Start of Supplied data

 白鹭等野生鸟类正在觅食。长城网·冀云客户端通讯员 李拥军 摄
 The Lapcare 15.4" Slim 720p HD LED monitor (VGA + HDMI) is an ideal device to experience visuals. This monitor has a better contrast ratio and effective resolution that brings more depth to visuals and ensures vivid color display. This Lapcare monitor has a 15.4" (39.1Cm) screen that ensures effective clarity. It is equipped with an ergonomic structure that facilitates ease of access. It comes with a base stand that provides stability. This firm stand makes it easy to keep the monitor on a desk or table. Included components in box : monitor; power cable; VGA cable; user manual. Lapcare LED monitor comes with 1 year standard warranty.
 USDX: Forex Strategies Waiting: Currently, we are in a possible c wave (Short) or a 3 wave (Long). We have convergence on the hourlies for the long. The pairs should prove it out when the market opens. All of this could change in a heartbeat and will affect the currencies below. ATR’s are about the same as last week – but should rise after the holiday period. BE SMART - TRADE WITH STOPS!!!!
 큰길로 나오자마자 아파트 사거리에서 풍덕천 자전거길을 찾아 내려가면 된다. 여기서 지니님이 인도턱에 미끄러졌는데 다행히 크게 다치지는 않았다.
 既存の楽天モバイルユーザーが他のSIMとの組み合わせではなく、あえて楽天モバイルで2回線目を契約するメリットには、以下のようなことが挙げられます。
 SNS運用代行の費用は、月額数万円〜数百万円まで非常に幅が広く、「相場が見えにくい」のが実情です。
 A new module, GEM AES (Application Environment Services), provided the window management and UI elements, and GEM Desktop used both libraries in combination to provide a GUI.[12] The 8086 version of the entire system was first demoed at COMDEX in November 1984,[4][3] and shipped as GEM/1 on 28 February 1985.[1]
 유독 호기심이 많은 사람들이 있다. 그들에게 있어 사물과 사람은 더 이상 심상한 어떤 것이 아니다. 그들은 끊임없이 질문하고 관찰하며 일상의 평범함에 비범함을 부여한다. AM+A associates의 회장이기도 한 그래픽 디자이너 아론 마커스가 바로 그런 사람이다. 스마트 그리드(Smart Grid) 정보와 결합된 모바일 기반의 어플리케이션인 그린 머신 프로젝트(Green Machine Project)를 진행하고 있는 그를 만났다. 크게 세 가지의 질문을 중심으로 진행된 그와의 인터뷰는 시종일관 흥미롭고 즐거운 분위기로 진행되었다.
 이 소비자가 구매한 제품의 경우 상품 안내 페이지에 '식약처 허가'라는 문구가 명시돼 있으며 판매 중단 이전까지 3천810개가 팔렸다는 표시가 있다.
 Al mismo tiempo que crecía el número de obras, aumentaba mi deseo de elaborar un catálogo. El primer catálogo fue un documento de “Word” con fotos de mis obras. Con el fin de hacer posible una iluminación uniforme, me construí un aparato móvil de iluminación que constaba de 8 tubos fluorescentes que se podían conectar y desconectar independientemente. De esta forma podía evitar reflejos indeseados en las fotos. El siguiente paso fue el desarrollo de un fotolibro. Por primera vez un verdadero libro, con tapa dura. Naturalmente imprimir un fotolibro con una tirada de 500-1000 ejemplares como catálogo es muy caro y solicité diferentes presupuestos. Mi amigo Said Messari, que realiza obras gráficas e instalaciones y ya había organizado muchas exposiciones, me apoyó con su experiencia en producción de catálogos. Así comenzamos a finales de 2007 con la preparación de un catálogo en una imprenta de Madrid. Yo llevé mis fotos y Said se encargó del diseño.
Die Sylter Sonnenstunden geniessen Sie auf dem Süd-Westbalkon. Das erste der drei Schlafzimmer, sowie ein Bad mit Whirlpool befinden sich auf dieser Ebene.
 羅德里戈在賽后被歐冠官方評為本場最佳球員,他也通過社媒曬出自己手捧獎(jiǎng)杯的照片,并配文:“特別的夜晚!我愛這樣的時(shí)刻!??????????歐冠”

End of Supplied data
Start of Supplied data

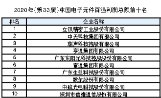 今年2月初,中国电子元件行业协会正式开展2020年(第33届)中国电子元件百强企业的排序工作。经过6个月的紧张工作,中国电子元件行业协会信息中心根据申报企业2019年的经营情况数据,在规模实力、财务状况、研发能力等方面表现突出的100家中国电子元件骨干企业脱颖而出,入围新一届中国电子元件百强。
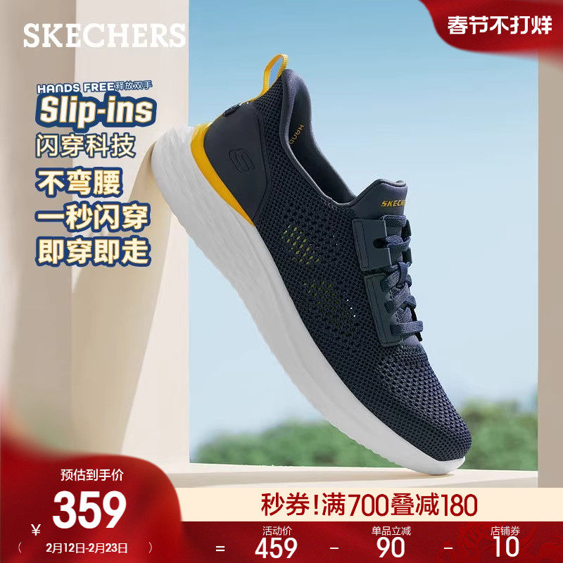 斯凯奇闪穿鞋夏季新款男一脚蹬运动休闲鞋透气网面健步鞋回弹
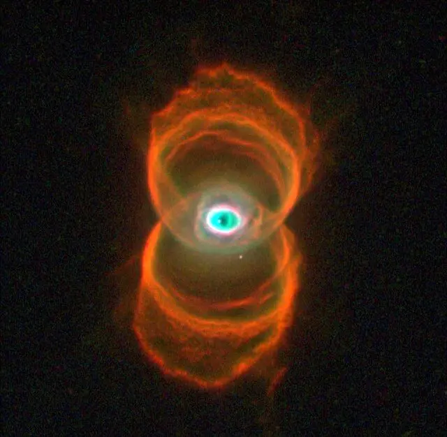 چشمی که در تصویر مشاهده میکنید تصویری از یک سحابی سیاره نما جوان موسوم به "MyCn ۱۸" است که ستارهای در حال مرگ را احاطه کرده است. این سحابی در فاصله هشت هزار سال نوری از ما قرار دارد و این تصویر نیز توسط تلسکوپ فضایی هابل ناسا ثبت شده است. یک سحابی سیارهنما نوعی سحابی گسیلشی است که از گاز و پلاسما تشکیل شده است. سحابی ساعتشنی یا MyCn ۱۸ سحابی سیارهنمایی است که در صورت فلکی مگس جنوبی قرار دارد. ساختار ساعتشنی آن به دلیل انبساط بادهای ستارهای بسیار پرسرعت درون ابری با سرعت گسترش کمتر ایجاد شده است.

End of Supplied data

### [What you have to do]
Give back, exactly as written, the stretch from the line with "白鹭等野生鸟类正在觅食。长城网·冀云客户端通讯员 李拥军 摄" through the line with "유독 호기심이 많은 사람들이", and no other lines from the records above.

### [Response for this exercise]
 白鹭等野生鸟类正在觅食。长城网·冀云客户端通讯员 李拥军 摄
 The Lapcare 15.4" Slim 720p HD LED monitor (VGA + HDMI) is an ideal device to experience visuals. This monitor has a better contrast ratio and effective resolution that brings more depth to visuals and ensures vivid color display. This Lapcare monitor has a 15.4" (39.1Cm) screen that ensures effective clarity. It is equipped with an ergonomic structure that facilitates ease of access. It comes with a base stand that provides stability. This firm stand makes it easy to keep the monitor on a desk or table. Included components in box : monitor; power cable; VGA cable; user manual. Lapcare LED monitor comes with 1 year standard warranty.
 USDX: Forex Strategies Waiting: Currently, we are in a possible c wave (Short) or a 3 wave (Long). We have convergence on the hourlies for the long. The pairs should prove it out when the market opens. All of this could change in a heartbeat and will affect the currencies below. ATR’s are about the same as last week – but should rise after the holiday period. BE SMART - TRADE WITH STOPS!!!!
 큰길로 나오자마자 아파트 사거리에서 풍덕천 자전거길을 찾아 내려가면 된다. 여기서 지니님이 인도턱에 미끄러졌는데 다행히 크게 다치지는 않았다.
 既存の楽天モバイルユーザーが他のSIMとの組み合わせではなく、あえて楽天モバイルで2回線目を契約するメリットには、以下のようなことが挙げられます。
 SNS運用代行の費用は、月額数万円〜数百万円まで非常に幅が広く、「相場が見えにくい」のが実情です。
 A new module, GEM AES (Application Environment Services), provided the window management and UI elements, and GEM Desktop used both libraries in combination to provide a GUI.[12] The 8086 version of the entire system was first demoed at COMDEX in November 1984,[4][3] and shipped as GEM/1 on 28 February 1985.[1]
 유독 호기심이 많은 사람들이 있다. 그들에게 있어 사물과 사람은 더 이상 심상한 어떤 것이 아니다. 그들은 끊임없이 질문하고 관찰하며 일상의 평범함에 비범함을 부여한다. AM+A associates의 회장이기도 한 그래픽 디자이너 아론 마커스가 바로 그런 사람이다. 스마트 그리드(Smart Grid) 정보와 결합된 모바일 기반의 어플리케이션인 그린 머신 프로젝트(Green Machine Project)를 진행하고 있는 그를 만났다. 크게 세 가지의 질문을 중심으로 진행된 그와의 인터뷰는 시종일관 흥미롭고 즐거운 분위기로 진행되었다.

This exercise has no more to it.